• The task: Would you print the listing that follows exactly, but without its pictures?

• Data below:
......

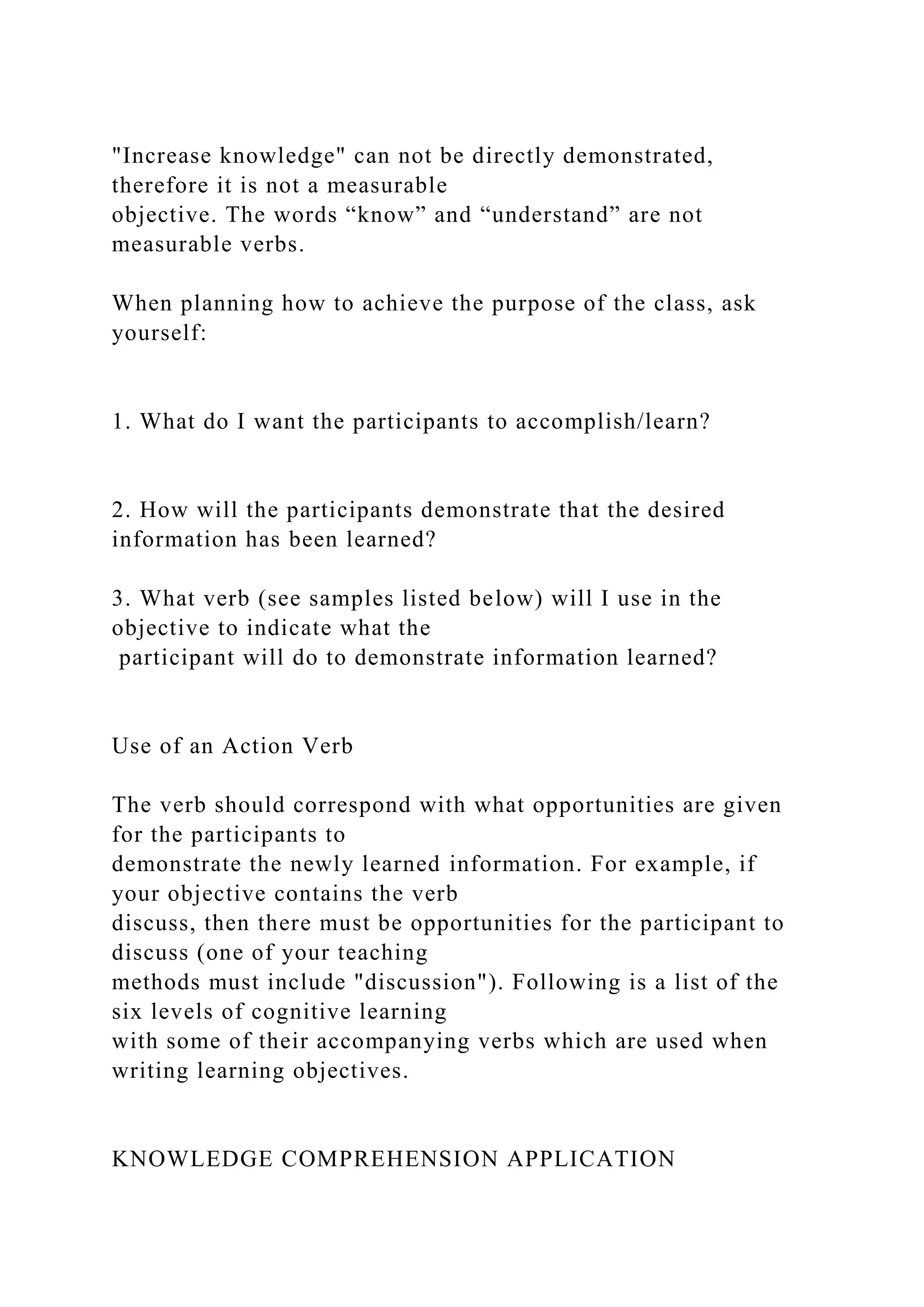 The document provides guidelines for creating measurable behavioral learning objectives essential for educational activities, emphasizing the use of active verbs to specify expected behavior changes. It distinguishes between measurable and unmeasurable objectives and outlines the importance of aligning instructional methods with the chosen action verbs. Additionally, it includes various levels of cognitive learning and corresponding verbs for writing objectives related to psychomotor and affective categories.
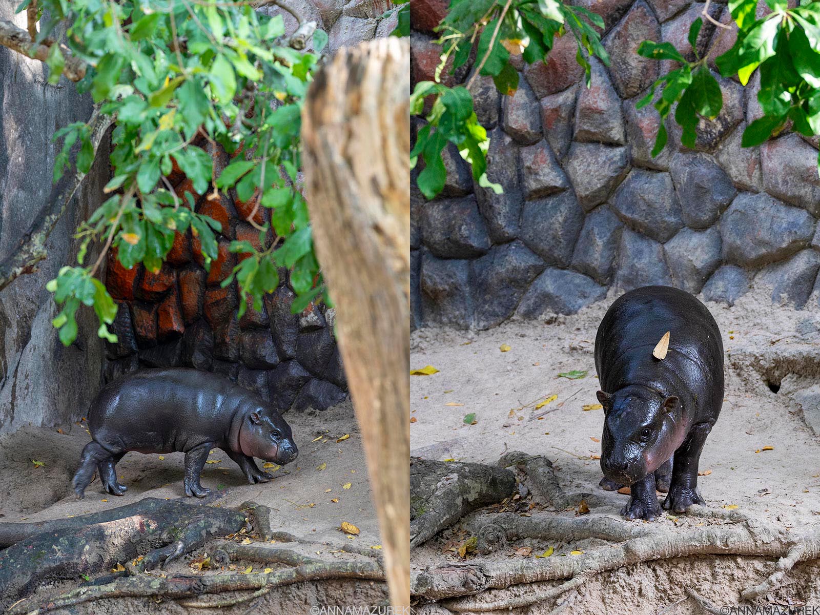 Jona and Moo Deng go off to the back corner to sleep around 9 a.m. They were still sleeping in the same place the rest of the morning and when we left around noon. Of course, both of their butts were facing the people so no one could get photos of their faces. I definitely recommend arriving early at 8 a.m or in the late afternoon for photos. The best photo angles of Moo Deng’s enclosure are from the elevated edges.
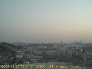 横浜市戸塚駅周辺から 東戸塚方面(北北東)を望む展望カメラの映像です。 左は現在の映像です。 下に並んでいるのは、 7日間に亘る日の出どき、昼間、夕暮れどきの写真(サムネイル)です。 それぞれ、日の出15分前、南中時、日没20分後の写真となっています。 各写真の下にはmpeg形式の動画へのリンクがあります。 それぞれ、日の出、南中、日没の前後1時間の画像です。 右欄にはその日24時間の動画へのリンクがあります。 この7日間以外は日付が一覧表示されています。 日付部分をクリックすると、 その日付から7日分が展開されて表示されます。

......

• Answer to this task:
 The document provides guidelines for creating measurable behavioral learning objectives essential for educational activities, emphasizing the use of active verbs to specify expected behavior changes. It distinguishes between measurable and unmeasurable objectives and outlines the importance of aligning instructional methods with the chosen action verbs. Additionally, it includes various levels of cognitive learning and corresponding verbs for writing objectives related to psychomotor and affective categories.
 Jona and Moo Deng go off to the back corner to sleep around 9 a.m. They were still sleeping in the same place the rest of the morning and when we left around noon. Of course, both of their butts were facing the people so no one could get photos of their faces. I definitely recommend arriving early at 8 a.m or in the late afternoon for photos. The best photo angles of Moo Deng’s enclosure are from the elevated edges.
 横浜市戸塚駅周辺から 東戸塚方面(北北東)を望む展望カメラの映像です。 左は現在の映像です。 下に並んでいるのは、 7日間に亘る日の出どき、昼間、夕暮れどきの写真(サムネイル)です。 それぞれ、日の出15分前、南中時、日没20分後の写真となっています。 各写真の下にはmpeg形式の動画へのリンクがあります。 それぞれ、日の出、南中、日没の前後1時間の画像です。 右欄にはその日24時間の動画へのリンクがあります。 この7日間以外は日付が一覧表示されています。 日付部分をクリックすると、 その日付から7日分が展開されて表示されます。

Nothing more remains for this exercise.